«Если мой план удастся, ночью рукопись вместе с этой тетрадью будет переправлена на материк. Если же Господь не услышит моей молитвы, переписанный мною текст и эти записки погибнут вместе с их автором.
…Сегодня, в первый день нового года, я пытаюсь осмыслить то, что произошло со мной за последние 4 месяца. Сразу же оговорюсь: я буду пользоваться привычными названиями месяцев, а не теми уродцами, которые, как и все начинания новой власти, оказались либо мертворожденными, либо недоносками. Вот и сейчас я пишу сентябрь, и это слово ласкает мне слух, и боль снова подкатывается ко мне, напоминая о прежнем, безвозвратно утерянном времени…
Всё началось два года назад, когда я еще служил в своем родном соборе св. Петра и Павла. Я уже старался не выходить лишний раз за ограду, но и это не спасало от издевательств черни. Почувствовавшие вседозволенность, науськиваемые новой властью, эти люди, в глазах которых горели черные угли ада, врывались в Божий дом, оскверняя его нечистотами, издеваясь над прихожанами и прерывая литургию непотребными воплями. Не раз я приостанавливал богослужение, склоняя голову и повторяя шепотом: «Liberanosamalo*…»
Мой храм был неизменно переполнен молящимися. Приведенные в негодность вандалами, боковые и задний входы были заколочены, поэтому каждый раз я шел к алтарю через плотную толпу прихожан. Порой людей набивалось столько, что путь к амвону затягивался на полчаса и более. Но я не жаловался. Напротив: я вспоминаю эти дни с величайшим чувством блаженства…
О нет, рассудок мой не помутился; я отвечаю за свои слова. Никогда, даже в самые благополучные и счастливые дни моего служения, я не видел людей так близко, не разглядывал их лица. С амвона видишь безликий наос*, в конфессионарии* слышен лишь голос исповедующегося. А здесь… Впервые я увидел людей, и не сплошную и безликую массу, а каждого, и у каждого было свое лицо. И пока толпа медленно и осторожно несла меня к амвону, я, нисколько не сопротивляясь ее неумолимому действию, не только не роптал, но в душе своей молил о том, чтобы минуты блаженства продлились как можно дольше. Я вглядывался в эти лица, пытаясь понять, что привело в храм того или иного человека. Я встречался с ними глазами, стремясь передать хотя бы частицу дарованной мне Господней любви и одними пальцами осеняя их крестным знамением.
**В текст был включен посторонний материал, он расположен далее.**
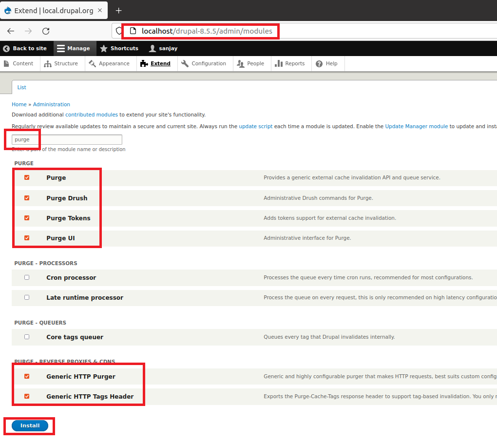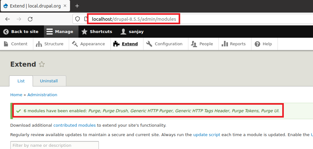 Step 20: To configure varnish external cache for drupal we have to install drupal modules.

…В один из таких дней я увидел Шарлотту. Она стояла в боковом нефе, прислонившись к стене, и ее глухой плащ выделялся резким черным пятном на фоне светлого камня. Когда, теснимый толпой, я оказался напротив нее, она приподняла голову, и из-под капюшона сверкнули лазурным блеском ее удивительные, редкие для наших мест голубые глаза.
Я сразу понял, что случилось что-то непоправимое: достойная дочь своего отца, Шарлотта была воспитана в неверии и никогда не переступала порога церкви.
…Жана Паскье я знал с юных лет, поэтому когда он овдовел, я посчитал своим долгом предложить ему и его маленькой дочери пастырскую опеку. Поначалу он вежливо терпел меня; потом мы сдружились. Я никогда не говорил с Жаном о религии, а он воздерживался от нападок на Святой Престол.
Сын маркиза де Паскье, Жан воспитывался при дворе и мог сделать блестящую карьеру, однако независимый нрав и острый язык превратили его в добровольного изгнанника. Он перебрался в Нант и поселился в городском доме, уставленном книгами и различными, как он любил говорить, «безделушками», – астролябиями, микроскопами, столярным и слесарным инструментом, а также разнообразными приспособлениями непонятного назначения. Его пытливый ум впитывал новые знания, а его сильные руки с поразительной быстротой осваивали новые умения.